SAINTS. Annibale Maria Di Francia et Luigi Orione

Une tendresse paternelle et maternelle


«Ce qui m’a tout de suite séduit, c’est la douceur, la passion, la tendresse qu’il avait à l’égard des enfants les plus pauvres, des enfants sans famille. Sa capacité à devenir père et mère de ces enfants abandonnés dans la rue». C’est ce que dit le père Giorgio Nalin, supérieur général des Rogationistes, la Congrégation fondée à Messine par Annibale Di Francia, le 16 mai 1897


par Pina Baglioni


Le père Annibale et certains de ses collaborateurs avec le premier groupe de l’Orphelinat masculin d’Antoine de Padoue

Le père Annibale et certains de ses collaborateurs avec le premier groupe de l’Orphelinat masculin d’Antoine de Padoue

«La canonisation, nous l’attendions, certes, mais pas avant deux ou trois ans. Quelle surprise pour nous tous!». Le père Giorgio Nalin, supérieur général des Rogationistes, la Congrégation fondée à Messine par Annibale Maria Di Francia, le 16 mai 1897 (Jean Paul II le proclamera saint le même jour du même mois), exulte. «C’est le Pape qui a accéléré les choses», dit-il. «On nous a dit qu’il a voulu, à travers Annibale, mettre au centre de l’attention des chrétiens la prière pour les vocations sacerdotales.
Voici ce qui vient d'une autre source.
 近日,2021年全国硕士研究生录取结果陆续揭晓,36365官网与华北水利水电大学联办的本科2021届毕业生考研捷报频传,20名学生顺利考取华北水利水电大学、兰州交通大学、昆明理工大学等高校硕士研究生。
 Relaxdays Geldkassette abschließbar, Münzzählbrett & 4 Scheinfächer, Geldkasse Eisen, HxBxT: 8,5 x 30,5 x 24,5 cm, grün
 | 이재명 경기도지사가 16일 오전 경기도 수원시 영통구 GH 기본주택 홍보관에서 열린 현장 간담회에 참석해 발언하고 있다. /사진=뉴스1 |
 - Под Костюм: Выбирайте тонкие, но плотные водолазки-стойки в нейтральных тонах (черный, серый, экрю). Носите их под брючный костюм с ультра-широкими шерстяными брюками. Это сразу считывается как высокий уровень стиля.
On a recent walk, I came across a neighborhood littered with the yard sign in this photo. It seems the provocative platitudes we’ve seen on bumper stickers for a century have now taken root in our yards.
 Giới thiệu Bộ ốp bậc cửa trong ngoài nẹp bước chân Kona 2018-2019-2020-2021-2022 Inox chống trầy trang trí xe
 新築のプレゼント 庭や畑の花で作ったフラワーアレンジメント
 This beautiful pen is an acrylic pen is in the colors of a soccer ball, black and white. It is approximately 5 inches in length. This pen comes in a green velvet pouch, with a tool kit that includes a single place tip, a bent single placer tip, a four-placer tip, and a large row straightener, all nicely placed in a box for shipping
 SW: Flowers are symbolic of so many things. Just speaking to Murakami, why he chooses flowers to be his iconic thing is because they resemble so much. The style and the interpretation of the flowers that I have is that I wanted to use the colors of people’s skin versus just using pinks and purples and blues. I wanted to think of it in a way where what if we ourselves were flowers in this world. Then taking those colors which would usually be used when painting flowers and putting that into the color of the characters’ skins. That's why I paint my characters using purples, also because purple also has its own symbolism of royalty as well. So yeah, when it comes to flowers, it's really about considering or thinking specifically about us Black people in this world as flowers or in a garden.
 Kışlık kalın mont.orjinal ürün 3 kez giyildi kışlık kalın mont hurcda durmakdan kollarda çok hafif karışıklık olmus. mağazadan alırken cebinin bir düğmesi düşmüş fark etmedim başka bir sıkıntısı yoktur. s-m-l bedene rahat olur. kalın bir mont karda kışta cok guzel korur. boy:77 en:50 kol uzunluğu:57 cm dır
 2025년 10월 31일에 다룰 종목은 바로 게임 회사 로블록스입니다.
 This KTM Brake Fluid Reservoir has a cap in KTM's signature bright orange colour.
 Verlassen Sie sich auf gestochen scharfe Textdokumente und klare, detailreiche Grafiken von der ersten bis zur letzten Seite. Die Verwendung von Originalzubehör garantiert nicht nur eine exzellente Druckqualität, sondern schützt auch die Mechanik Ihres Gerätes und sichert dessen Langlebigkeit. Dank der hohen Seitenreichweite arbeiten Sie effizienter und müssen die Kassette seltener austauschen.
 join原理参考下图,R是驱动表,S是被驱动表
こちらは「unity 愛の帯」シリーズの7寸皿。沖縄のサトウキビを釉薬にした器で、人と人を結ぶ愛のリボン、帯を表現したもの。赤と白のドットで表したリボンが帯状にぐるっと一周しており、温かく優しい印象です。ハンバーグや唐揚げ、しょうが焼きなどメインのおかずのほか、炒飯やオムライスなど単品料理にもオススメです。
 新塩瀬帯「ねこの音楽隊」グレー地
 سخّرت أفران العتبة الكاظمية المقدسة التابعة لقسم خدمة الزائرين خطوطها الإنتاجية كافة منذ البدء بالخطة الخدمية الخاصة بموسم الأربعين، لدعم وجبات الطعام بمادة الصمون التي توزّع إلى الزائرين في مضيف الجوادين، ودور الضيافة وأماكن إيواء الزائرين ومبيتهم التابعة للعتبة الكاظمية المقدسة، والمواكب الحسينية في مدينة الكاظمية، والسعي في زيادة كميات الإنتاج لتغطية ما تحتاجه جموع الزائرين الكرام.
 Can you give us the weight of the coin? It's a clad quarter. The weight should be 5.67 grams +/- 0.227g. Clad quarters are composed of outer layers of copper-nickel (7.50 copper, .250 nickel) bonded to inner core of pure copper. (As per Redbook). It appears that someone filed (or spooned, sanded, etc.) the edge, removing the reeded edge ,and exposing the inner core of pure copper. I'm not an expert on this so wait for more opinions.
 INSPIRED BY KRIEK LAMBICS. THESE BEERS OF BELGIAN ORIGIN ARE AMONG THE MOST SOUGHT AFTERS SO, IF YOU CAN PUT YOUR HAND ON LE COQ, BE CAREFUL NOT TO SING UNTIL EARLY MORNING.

Cette accélération représente aussi un geste d’affection du Pape à l’égard de Paul VI. Il ne faut pas oublier, en effet, que c’est lui qui a institué en 1968 la célébration de la Journée mondiale de prière pour les vocations, reconnaissant ainsi au niveau ecclésial le charisme des Rogationistes et de la congrégation féminine des Filles du divin Zèle. Le mérite lui revient donc aussi».
Le père Nalin, originaire de Padoue, neuvième successeur du saint de Messine à la direction des Rogationistes, en est à la sixième et dernière année de son mandat. Il quittera son poste en juillet prochain. La mère Diodata Guerrera, supérieure générale des Filles du divin Zèle, est elle aussi sur le point de passer le témoin en juillet. Alors qu’ils étaient en train d’organiser les chapitres généraux pour leurs successions respectives, ils ont été heureusement bousculés et amenés à faire des préparatifs bien différents.
Quelques jours avant la canonisation du saint fondateur, nous avons interviewé le père Nalin.
L’aventure d’Annibale Maria Di Francia est partie en 1878 d’Avignone, le quartier le plus dégradé de la Messine d’alors, où n’étaient jamais entrés «ni un prêtre ni un garde», comme le raconte le saint dans ses Scritti. Presque cent trente ans après le début de cette histoire extraordinaire, où sont et de quoi s’occupent aujourd’hui ses fils?
GIORGIO NALIN: Dieu merci, il serait plus facile de dire où ils ne sont pas. Dans les années Cinquante, quatre d’entre nous sont partis pour le Brésil avec, dans leurs poches, les prières écrites par saint Annibale. Aujourd’hui nous sommes présents dans les cinq continents. De la Papouasie-Nouvelle-Guinée à l’Inde. Et puis au Cameroun, aux Philippines et au Vietnam. Nous sommes présents aux États-Unis, en Espagne, en Pologne, et, naturellement, en Italie. En ce qui concerne les vocations, c’est l’Afrique qui, ces dernières années, donne les fruits les plus abondants. Depuis toujours, le “moteur” de notre expérience est de prier pour obtenir beaucoup de prêtres et pour pouvoir enseigner les «choses de Dieu», selon la définition si chère à saint Annibale. C’est pourquoi nous soignons avec une attention particulière nos centres de spiritualité pour les vocations et de diffusion de la prière. Le reste tourne autour: les missions, la vie des paroisses, les oratoires, les sanctuaires, les écoles de tout ordre et de tout niveau, les collèges. Et les nombreuses œuvres de charité: la gestion des instituts pour les handicapés, les “maisons-famille” pour les mineurs et les orphelins, les centres sociaux pour l’accueil et le soin des pauvres et des marginaux. Dans les dernières années, nous avons ouvert des centres nutritionnels et des centres de soins. En Afrique, par exemple, nos pères ont pris en charge les malades du sida. Comme vous le voyez, l’horreur et la misère de l’ancien quartier Avignone de Messine, d’où est partie l’expérience de saint Annibale, nous les retrouvons partout.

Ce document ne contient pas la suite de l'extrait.